THE COLD-START PROBLEM
Consumer crypto wallets were built around one assumption: a human approves every transaction with a click. An AI agent that needs to pay for compute, an API call, or a tool execution every few seconds breaks that model entirely. Either the human approves nothing in advance and the agent stalls, or the human signs a blank check and loses all control.
WHY CRYPTO AND NOT STRIPE
Card networks were designed for humans: chargebacks, KYC, merchant onboarding, minimum transaction sizes around a cent due to interchange fees. An agent paying $0.0004 to query a model or $0.02 to a remote tool can't use Visa rails — the fee swallows the payment. Stablecoin transfers on an L2 cost fractions of a cent and settle in seconds, with no merchant account required.
WHAT SCOPED DELEGATION ACTUALLY IS
Account abstraction (Ethereum's ERC-4337, finalized 2023) lets a wallet be a smart contract, not just a keypair. The owner can write rules: this delegate key can spend up to $50/day, only to addresses on this allowlist, only for the next 24 hours. The agent holds the delegate key; the master key stays with the human. Revocation is one on-chain transaction.
ON-CHAIN IDENTITY FOR NON-HUMANS
When an agent transacts, the counterparty wants to know what it is — a verified Anthropic agent, an unaffiliated bot, a known scammer's reused address. Standards like ERC-6551 (token-bound accounts) and DID frameworks attach reputation and provenance to the wallet itself, so an agent's history travels with it across services.
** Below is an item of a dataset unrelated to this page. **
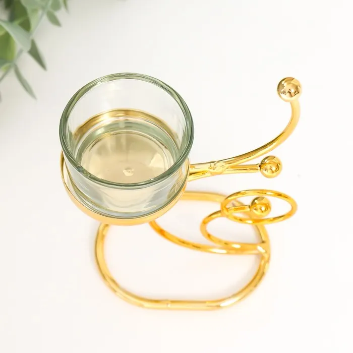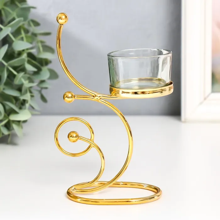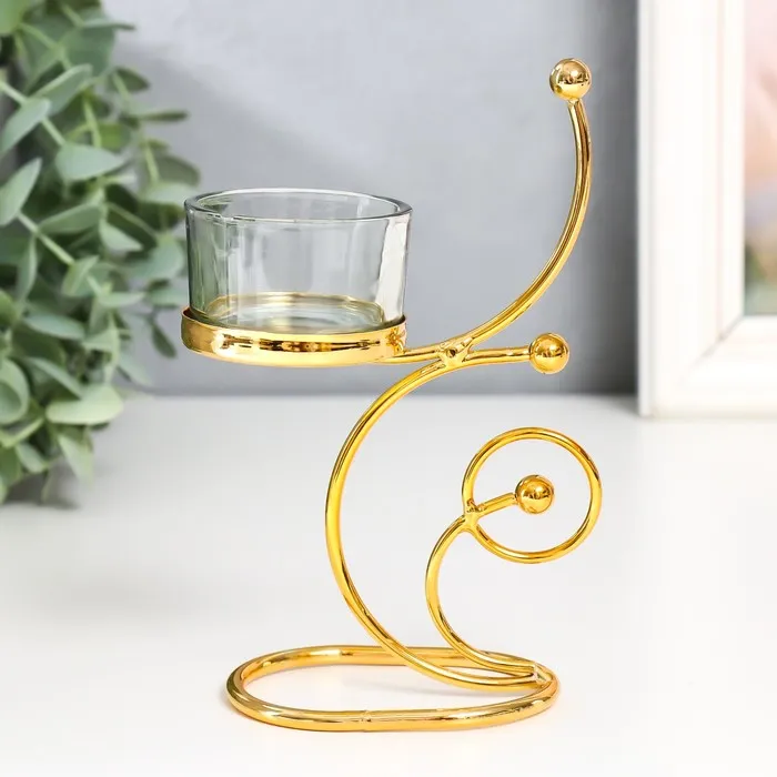 Подсвечник на 1 свечу «Завитки. Шарики», металл, стекло, d=4.5 см, золото, 10×5×15 см — Характеристики

THE PRINCIPAL-AGENT PROBLEM, ON-CHAIN
Economists have studied delegated authority for a century: a steward acting on a principal's behalf will sometimes take actions the principal wouldn't approve. With humans, courts and contracts handle the abuse. With autonomous code spending money, the only enforcement is what the smart contract permits before the fact — there is no clawback, no court, no insurance.
THE KILLER-APP HISTORY
Every major computing wave found a payment-shaped killer app: PCs got spreadsheets, the web got e-commerce, smartphones got ride-sharing. Crypto has spent fifteen years searching for one beyond speculation. Agent-to-agent micropayments — machines hiring machines — is the first use case where the rails' specific properties (programmable, permissionless, sub-cent) match a workload no incumbent system can serve.